Chapter Text
Reality and illusion, cybernetic and virtual. Many have heard such a hypothesis: that a person could inject their own consciousness into the cybernetic network, and live forever in a fabricated world. But does a person truly have “consciousness”? Or rather, is there such a thing that can be quantified, cut apart, and still be called “consciousness”?
Many spiritual practitioners and lovers of mysticism believe in the hypothesis of the soul, in the story of reincarnation after death. And many who call themselves believers in science consider all of this to be nothing more than the product of cells and neural activity. Yet no matter how one puts it, “consciousness” exists, and it has become us.
[Zone A], countless people, countless sexes. In dim videos, people have sex—masked, thrusting, ejaculating, then moaning and gasping. Among them is such a man, one of the millions like him. He is probably a university student, or perhaps a young adult newly stepping into the world of work. He noticed a girl in the forum, one who looked easy to deceive, so he added her contact, asked her age, and urged her to send him nude photos. After much silence, she told him she was ten. Yet he did not care, instead pressing her even more insistently. After many failed attempts, he calmly began to tell her the story of him and his former girlfriend—or more precisely, his casual sex partner.
She paid him little attention. Perhaps he too felt bored, and withdrew.
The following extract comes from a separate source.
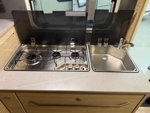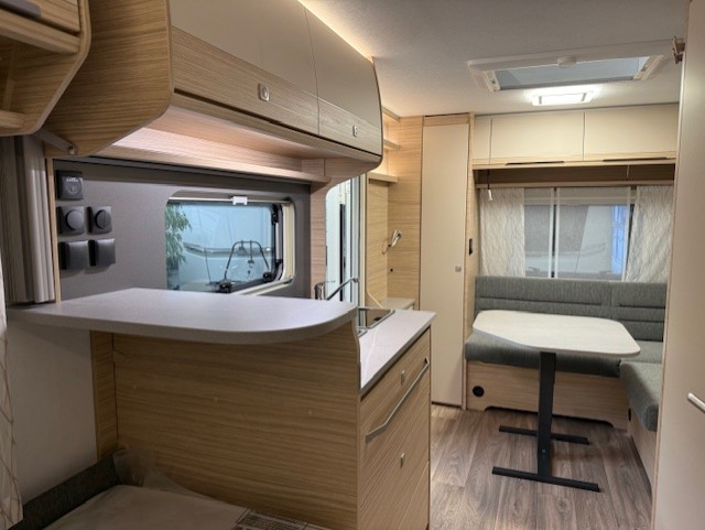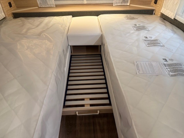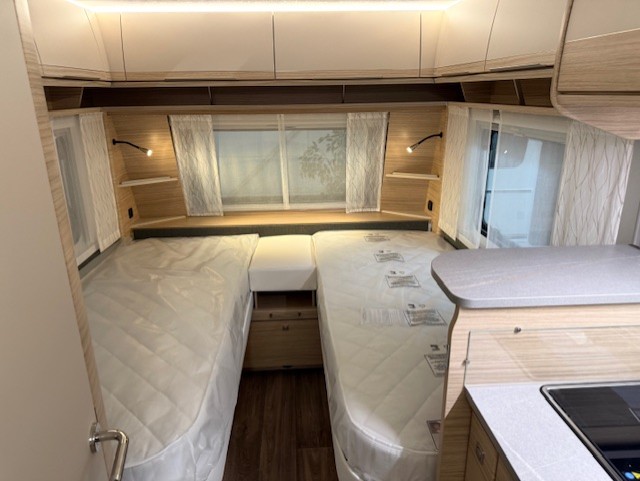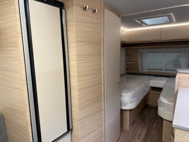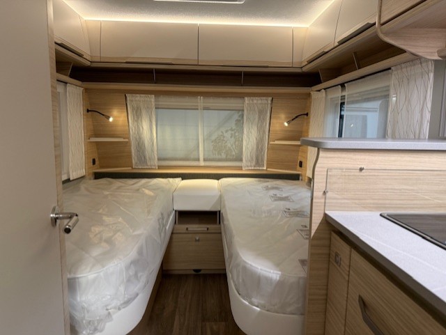 Centraal in de caravan is de goed uitgeruste keuken geplaatst, voorzien van een spoelbak , kookplaat, mengkraan en een royale hoge koelkast.De koelkast is zowel links als rechts te openen waardoor iedereen makkelijk bij de gekoelde etenswaren kan zonder elkaar in de weg te lopen. De warmwater voorziening loopt via de ingebouwde boiler. Door de praktische lades en de apothekerskast zijn uw spullen altijd eenvoudig bereikbaar.Deze lades zijn voorzien van een softclose en transportsluiting. Ook aan de bovenzijde in de keuken vindt u veel opbergruimte. De caravan is aan de voorzijde uitgerust met twee enkele bedden. Om u van een welverdiende nachtrust te laten genieten, hebben de bedden lattebodems met volledig flexibele veerbruggen met hardheidinstelling en fantastische matrassen. Door middel van de bedverbreding maakt u eenvoudig een heerlijk kingsize bed.

Later, she would take many, many men to be him, but that is another story.
Afterwards she came to another place, a forbidden zone called [——]. There was a man A, a girl, and a half-dead man B.
A was about twenty-one, an ordinary man with, at most, a faint sense of morality. The girl was sixteen, a dark and dangerous figure. She already had a real boyfriend, but sometimes she would meet other men outside school, sleep with them. Once she quarreled with A; the cause was her wish to get a nipple piercing, and his scolding her for lacking self-respect, mocking her ignorance. She felt furious, and naked, knife-like humiliation.
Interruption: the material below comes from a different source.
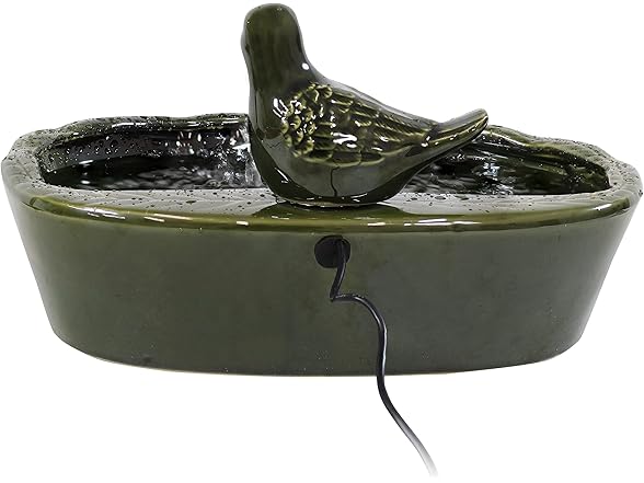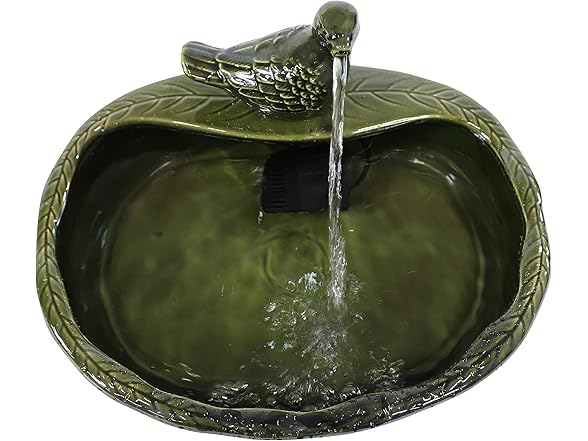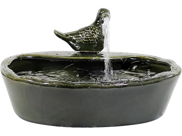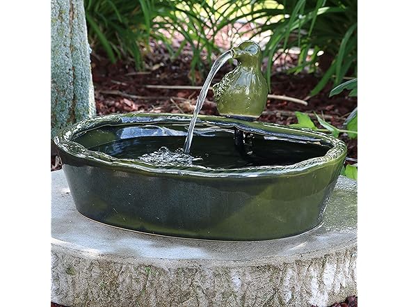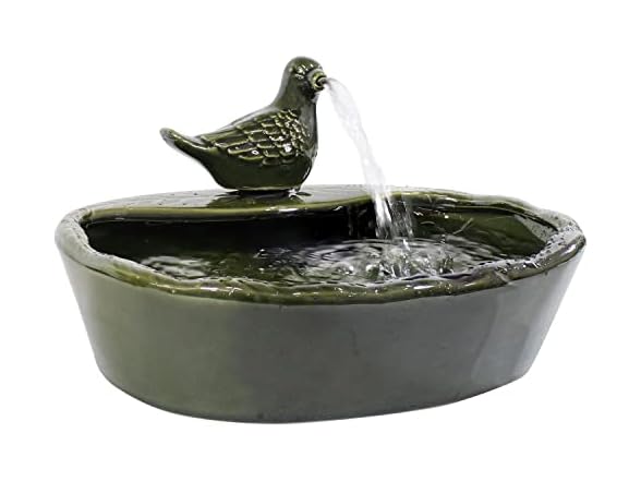 Sunnydaze Ceramic Solar-Powered Water Fountain - Green Glaze - Low-Voltage Submersible Pump with Filter - Dove

“I’ve already read Lacan, Jung, Schopenhauer—” she retorted.
A said nothing, sinking into silence. She thought: she had long regarded him as a brother, as her second hidden lover, but perhaps this could not be continued.
A and B were close, but B would never be with A, nor allow anything resembling intimacy. He had a virtuous wife, a real family. Yet just as the girl treated A as both brother and secret lover, so too did B and A exist in that same hidden relation. After long labor, B would speak to A of his years in the army, of his experiences, and then vanish again for half a year, or a full year. Sometimes A thought this bond might end before long, yet still he wished for their fragile household of three to go on.
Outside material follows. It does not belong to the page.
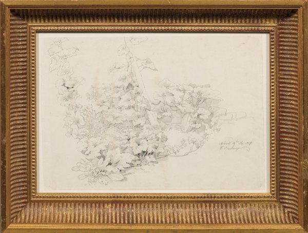 Bamberger unternahm 1840 und 1847 - 1868 mehrere Reisen nach Spanien, darunter nach Madrid, wo er 1857 diese Pflanzenstudie zeichnete. Bleistift/Papier. R. u. sign. sowie mit Ortsangabe Madrid und dat. 29ten Sep. 1857. Verso Sammlungsstempel in Blau: Georg Hamminger (Lugt 1159). Blatt 23,5 cm x 34,5 cm. Rahmen.

In the meantime there was also a passerby, D. He was a man, one who longed for so-called true love, yet was disillusioned with real women. He met a woman who thought marriage was only a transaction—that it would be better to find a suitable partner, man or woman, without love, marry, and then preserve each other’s interests while living separately. He only laughed at her naïveté.
Many years later, she desperately wanted to marry another woman. As for him, his story could no longer be known.